● BRIEF: From the first line of the data down to the line bearing "卧室的设计上用了简约的线条为", output every line exactly and include no pictures.

● SOURCE DATA:
--- START ---
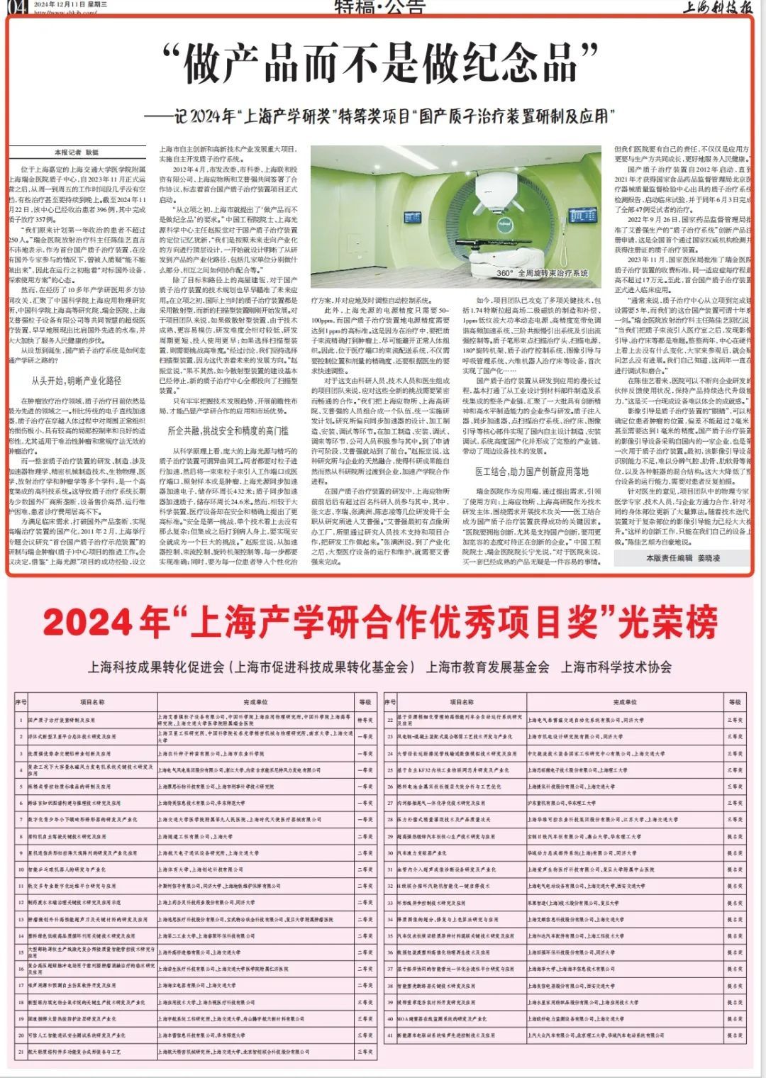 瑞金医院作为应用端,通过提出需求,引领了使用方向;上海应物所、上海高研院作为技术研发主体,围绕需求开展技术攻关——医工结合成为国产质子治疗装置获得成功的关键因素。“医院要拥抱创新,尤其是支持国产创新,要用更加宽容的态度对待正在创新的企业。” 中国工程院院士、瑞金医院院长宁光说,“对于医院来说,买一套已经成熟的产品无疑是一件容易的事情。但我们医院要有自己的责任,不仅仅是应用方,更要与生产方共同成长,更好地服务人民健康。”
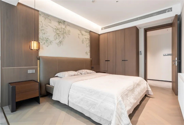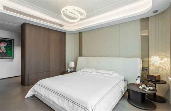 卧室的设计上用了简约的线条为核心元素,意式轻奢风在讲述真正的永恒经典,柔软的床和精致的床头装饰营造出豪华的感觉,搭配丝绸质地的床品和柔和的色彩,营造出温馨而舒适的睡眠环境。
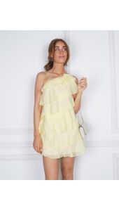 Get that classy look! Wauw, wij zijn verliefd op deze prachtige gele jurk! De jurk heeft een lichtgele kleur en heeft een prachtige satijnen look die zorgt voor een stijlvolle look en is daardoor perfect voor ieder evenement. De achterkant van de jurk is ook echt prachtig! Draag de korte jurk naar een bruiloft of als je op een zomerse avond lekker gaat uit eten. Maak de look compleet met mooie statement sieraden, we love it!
--- END ---
● SOLUTION TO THIS PROBLEM:
 瑞金医院作为应用端,通过提出需求,引领了使用方向;上海应物所、上海高研院作为技术研发主体,围绕需求开展技术攻关——医工结合成为国产质子治疗装置获得成功的关键因素。“医院要拥抱创新,尤其是支持国产创新,要用更加宽容的态度对待正在创新的企业。” 中国工程院院士、瑞金医院院长宁光说,“对于医院来说,买一套已经成熟的产品无疑是一件容易的事情。但我们医院要有自己的责任,不仅仅是应用方,更要与生产方共同成长,更好地服务人民健康。”
 卧室的设计上用了简约的线条为核心元素,意式轻奢风在讲述真正的永恒经典,柔软的床和精致的床头装饰营造出豪华的感觉,搭配丝绸质地的床品和柔和的色彩,营造出温馨而舒适的睡眠环境。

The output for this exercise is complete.